Segment Start: Exercise data
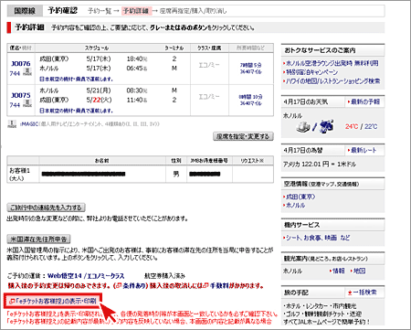 JALホームページからeチケットお客様控を印刷する方法
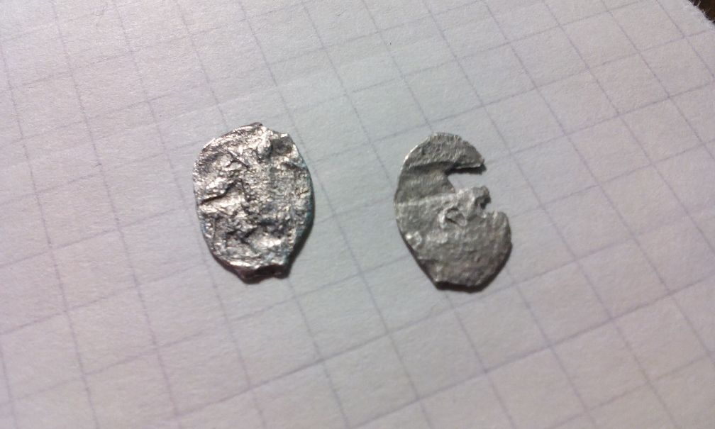 QUOTE(RudikB @ Feb 13 2015, 22:20) Вот незадача... попались впервые чешуйки на копе, и те фиг определить... Публикую скорее не ради идентификации, а чтоб эдакой печалью поделиться. Слева - копейка первых лет правления Алексея Михаиловича(1645-1676), справа - московская копейка середины 20-х - 30-х гг.XVII в.(время правления Михаила Федоровича(1613-1645)). |
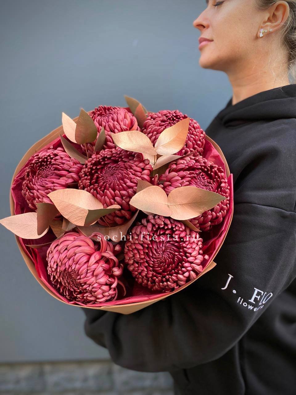 Теплый шоколадно-золотой оттенок хризантем создает уютное осеннее настроение. Семь пышных соцветий собраны в компактную композицию с веточками эвкалипта.
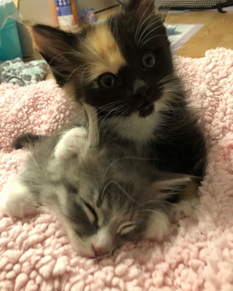 Laura Malone, director of Mini Cat Town, came across the kittens at the shelter, who were in need of a foster home. Mini Cat Town took them into their care and Laura stepped up to be their foster mom.
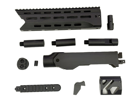 • The [RGW] Tactical Chassis Conversion Kit offers precise -14mm counter-clockwise barrel threading and comes in three length options for tailored fit. Designed specifically for KJ KC02 GBB series, this kit includes a high-quality hop-up chamber set and an M1913 stock adapter, enabling seamless integration with M4 buffer tubes. Ideal for enhancing stability and customization, it elevates your build with expert-level performance and compatibility.
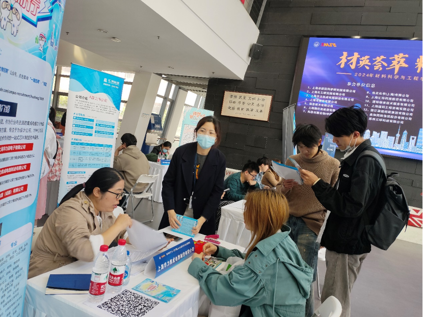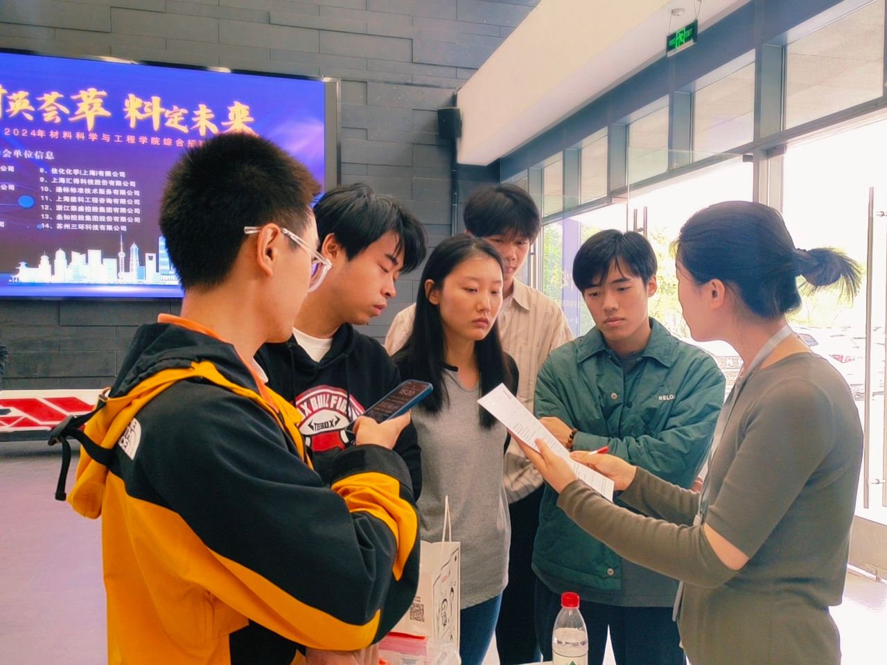 4月23日下午,“材”英荟萃,“料”定未来——必一·运动(b-sports)2024年就业实习招聘会在嘉定校区德才馆一楼大厅成功举办。本次招聘会吸引了上海市建筑科学研究院有限公司、上海化工研究院有限公司、上海华力集成电路制造有限公司、上海国轩新能源有限公司、科思创聚合物(中国)有限公司、浙江荣盛控股集团有限公司等16家业内知名用人单位参加,为莘莘学子提供了百余个优质就业与实习岗位,涵盖材料、化工、半导体、能源、通信、咨询等多个领域,现场气氛热烈。
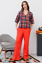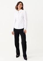 Блузка классического прямого кроя с длинными рукавами на манжетах и застежкой на планку с пуговицами.
Segment End: Exercise data
Brief
The line holding "Теплый шоколадно-золотой оттенок" starts the copy and the line holding "performance and compatibility." ends it. Repeat those two lines above and all between them exactly, leaving out pictures.

Task solution
 Теплый шоколадно-золотой оттенок хризантем создает уютное осеннее настроение. Семь пышных соцветий собраны в компактную композицию с веточками эвкалипта.
 Laura Malone, director of Mini Cat Town, came across the kittens at the shelter, who were in need of a foster home. Mini Cat Town took them into their care and Laura stepped up to be their foster mom.
 • The [RGW] Tactical Chassis Conversion Kit offers precise -14mm counter-clockwise barrel threading and comes in three length options for tailored fit. Designed specifically for KJ KC02 GBB series, this kit includes a high-quality hop-up chamber set and an M1913 stock adapter, enabling seamless integration with M4 buffer tubes. Ideal for enhancing stability and customization, it elevates your build with expert-level performance and compatibility.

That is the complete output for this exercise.